An exact copy of each line below is needed, with no images in it.

## Provided material
/---

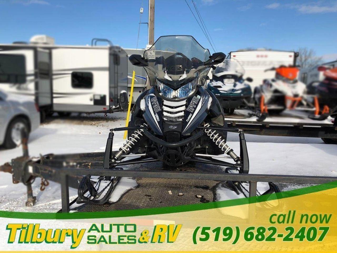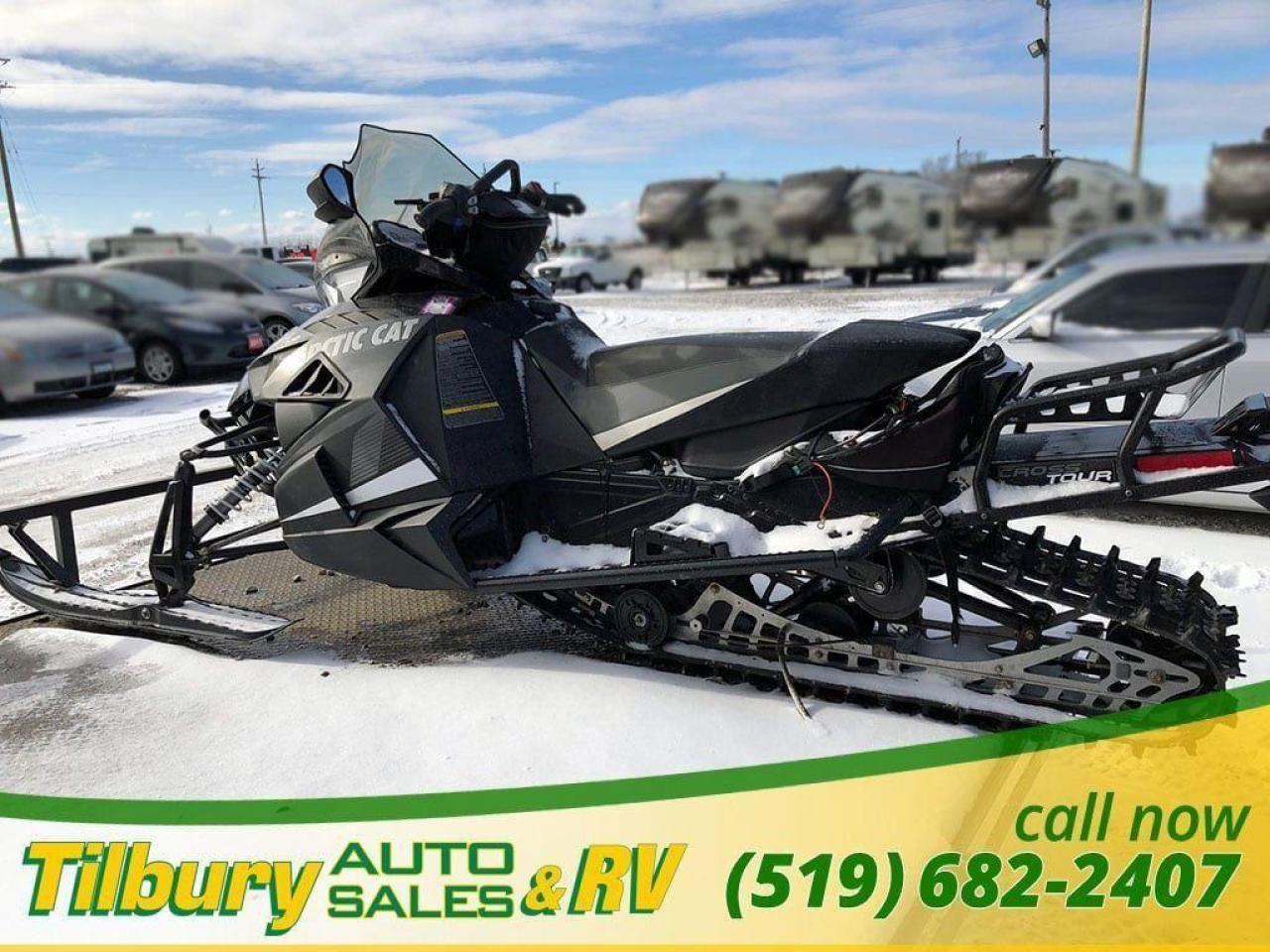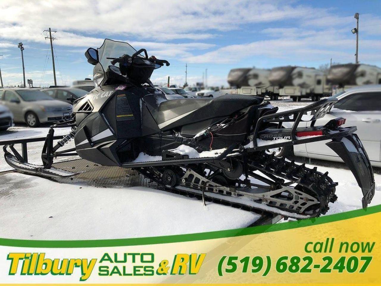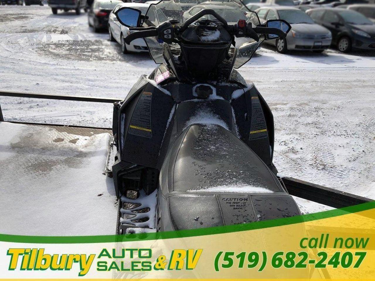 Call us at 519-682-2407 https://www.youtube.com/watch?v=dFgZCascafg Push-button reverse, dual halogen headlight (2-bulb), front sport bumper, heavy-duty MRP rear bumper, electric start, heated seat, adjustable handlebar, mid-height windshield, deluxe digital/analog gauge, electric gas gauge, low oil light, coolant overheat light, clock, altimeter, accessory outlet, high/low hand & thumb warmers, belt holder, mountain handlebar, rear storage bag, handlebar storage bag, cargo rack, mirrors, air pump. Length x Width 317.5 cm x 121.9 cm Ski Stance 106.7-109.2 cm adjustable Ski Type / Runner Mountain 15.2 cm/Dual skag w/carbide Track Type 38.1 cm x 358.1 cm Cobra / 3.2 cm
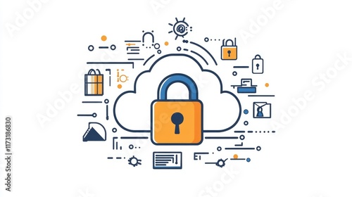 Secure cloud icon with a closed padlock, surrounded by digital elements representing cybersecurity and encrypted storage
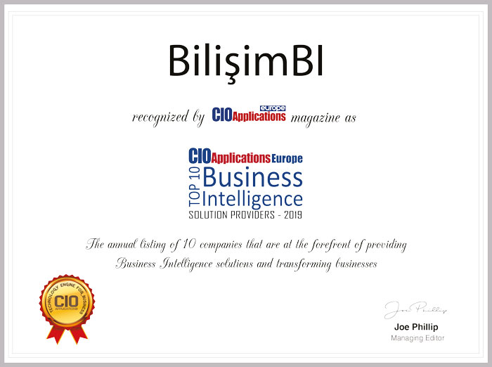 Yerli İş Zekası Sistemi BilişimBI ürünümüz CIOApplications Europe tarafından Avrupa’nın en iyi 10 iş zekası çözüm sağlayıcısı arasında gösterildi.
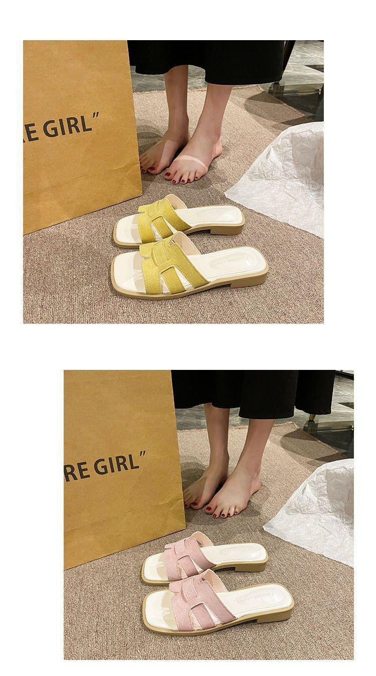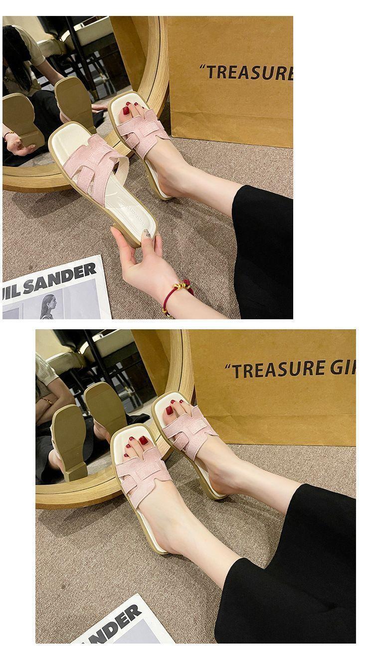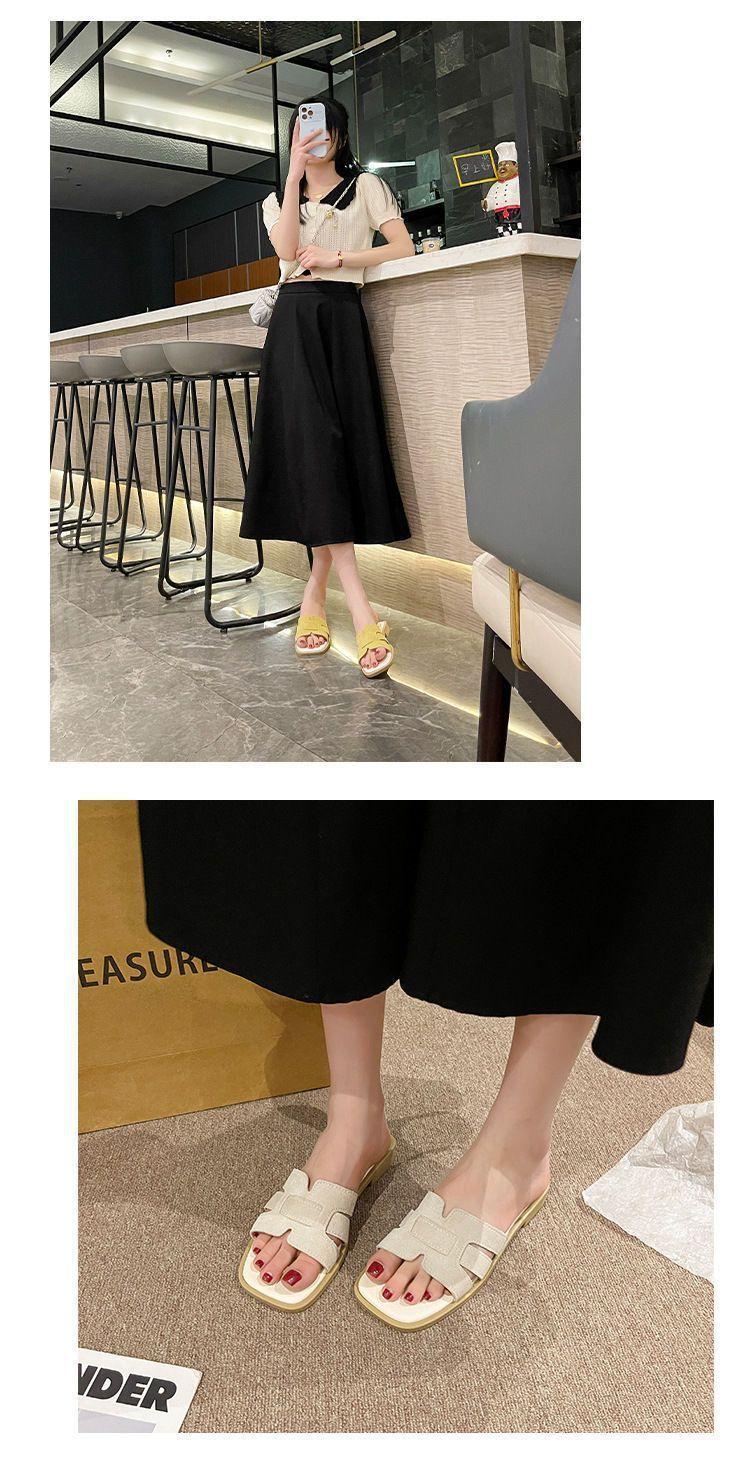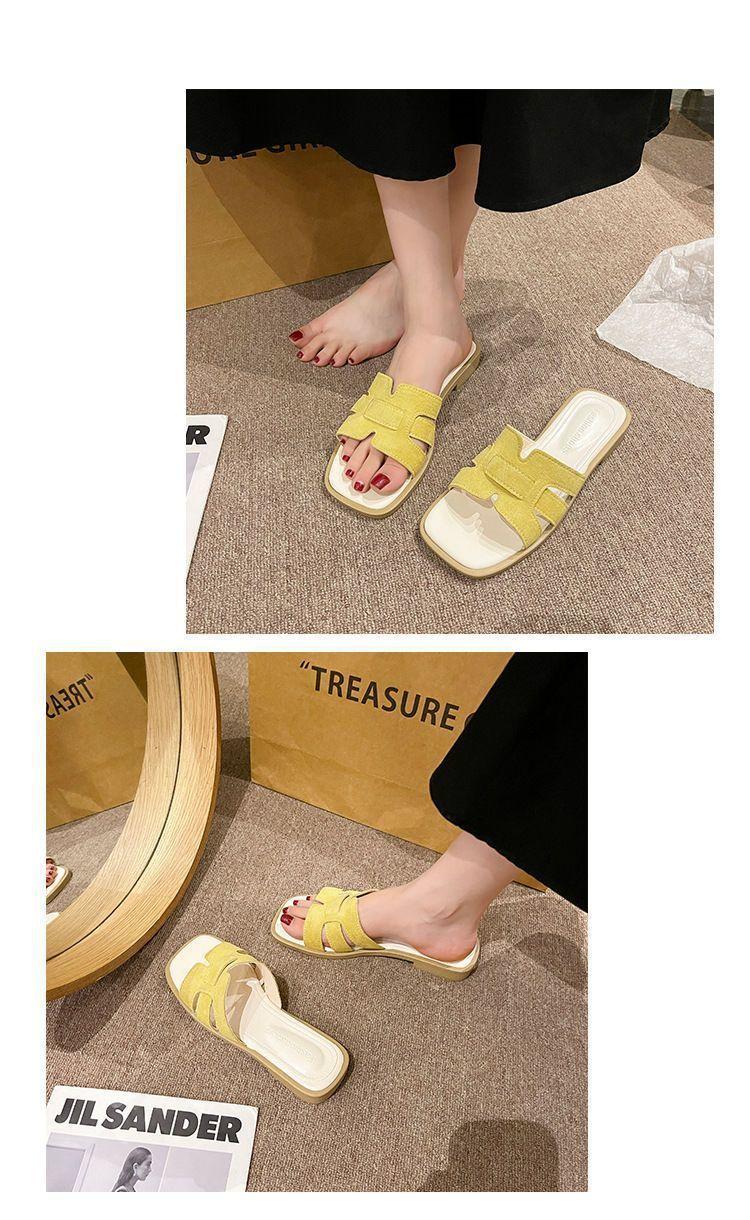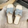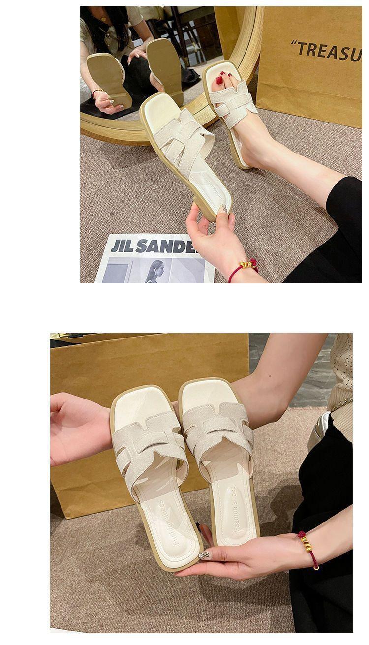 Verano 2025 Nuevo Calzado Francés para Exterior Sandalias de Estilo Vacacional de Playa de Suela Plana Pantuflas Suaves Versátiles Antideslizantes

\---

## Answer space
 Call us at 519-682-2407 https://www.youtube.com/watch?v=dFgZCascafg Push-button reverse, dual halogen headlight (2-bulb), front sport bumper, heavy-duty MRP rear bumper, electric start, heated seat, adjustable handlebar, mid-height windshield, deluxe digital/analog gauge, electric gas gauge, low oil light, coolant overheat light, clock, altimeter, accessory outlet, high/low hand & thumb warmers, belt holder, mountain handlebar, rear storage bag, handlebar storage bag, cargo rack, mirrors, air pump. Length x Width 317.5 cm x 121.9 cm Ski Stance 106.7-109.2 cm adjustable Ski Type / Runner Mountain 15.2 cm/Dual skag w/carbide Track Type 38.1 cm x 358.1 cm Cobra / 3.2 cm
 Secure cloud icon with a closed padlock, surrounded by digital elements representing cybersecurity and encrypted storage
 Yerli İş Zekası Sistemi BilişimBI ürünümüz CIOApplications Europe tarafından Avrupa’nın en iyi 10 iş zekası çözüm sağlayıcısı arasında gösterildi.
 Verano 2025 Nuevo Calzado Francés para Exterior Sandalias de Estilo Vacacional de Playa de Suela Plana Pantuflas Suaves Versátiles Antideslizantes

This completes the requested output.